YOUR OBJECTIVE -
With the pictures removed, please write out every line below exactly as given.

INFORMATION SHOWN -
▬▬▬▬▬▬

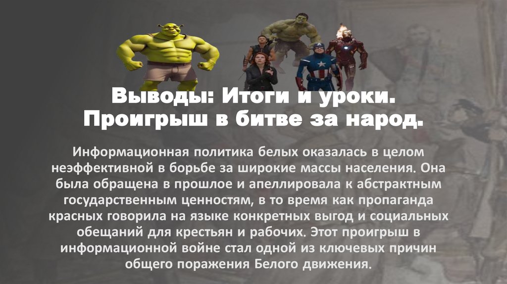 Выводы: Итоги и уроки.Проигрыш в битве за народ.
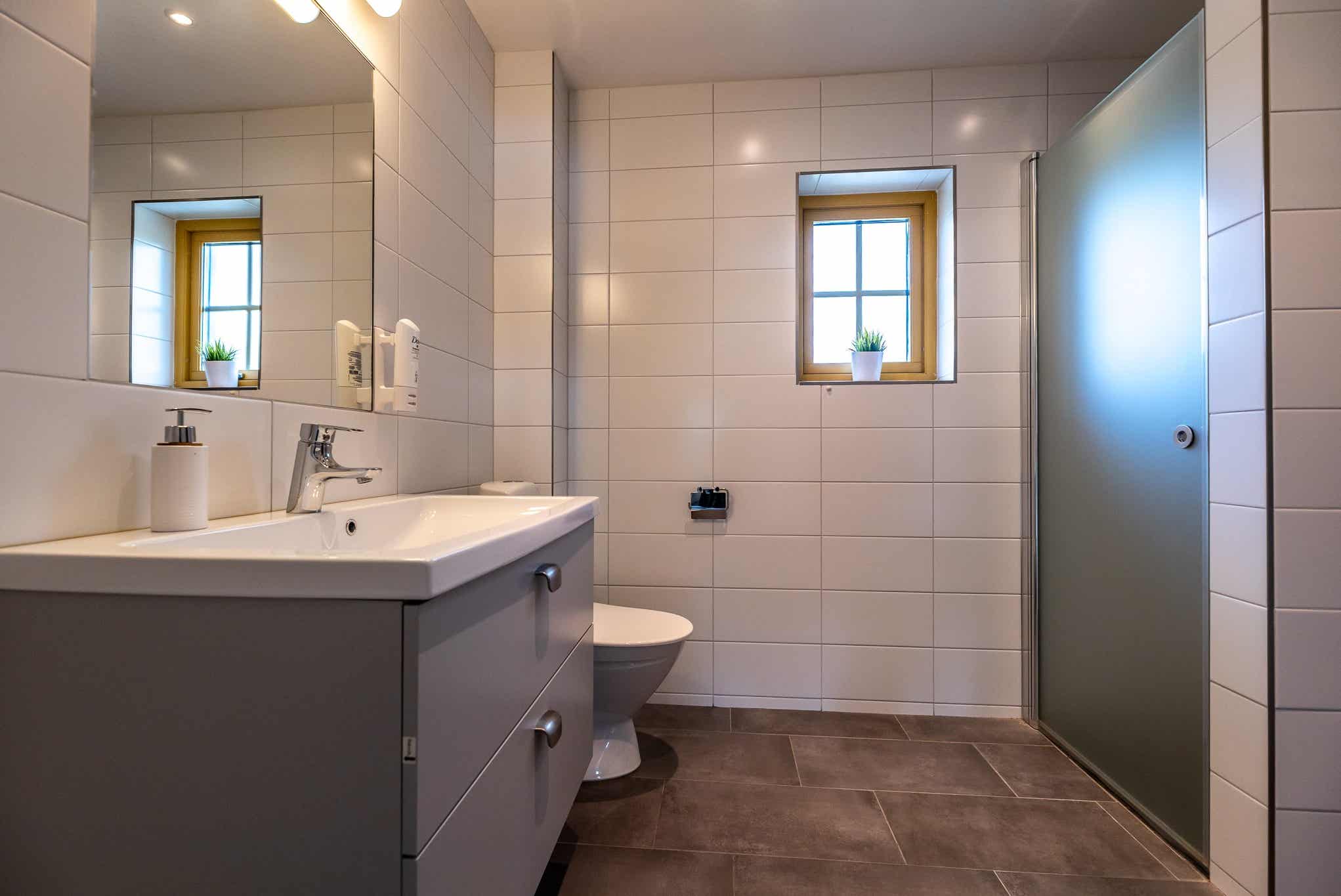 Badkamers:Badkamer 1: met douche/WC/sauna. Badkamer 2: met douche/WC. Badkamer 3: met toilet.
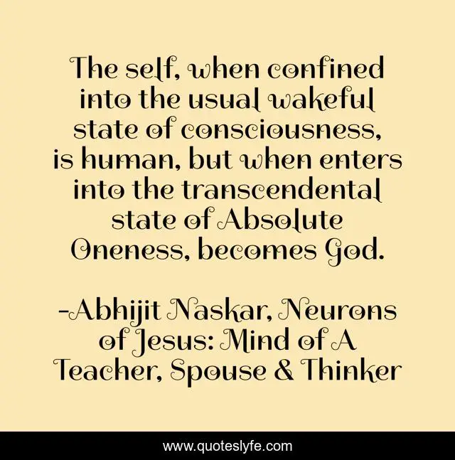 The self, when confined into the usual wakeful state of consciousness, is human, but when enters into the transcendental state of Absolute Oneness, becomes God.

▬▬▬▬▬▬

WRITTEN SOLUTION -
 Выводы: Итоги и уроки.Проигрыш в битве за народ.
 Badkamers:Badkamer 1: met douche/WC/sauna. Badkamer 2: met douche/WC. Badkamer 3: met toilet.
 The self, when confined into the usual wakeful state of consciousness, is human, but when enters into the transcendental state of Absolute Oneness, becomes God.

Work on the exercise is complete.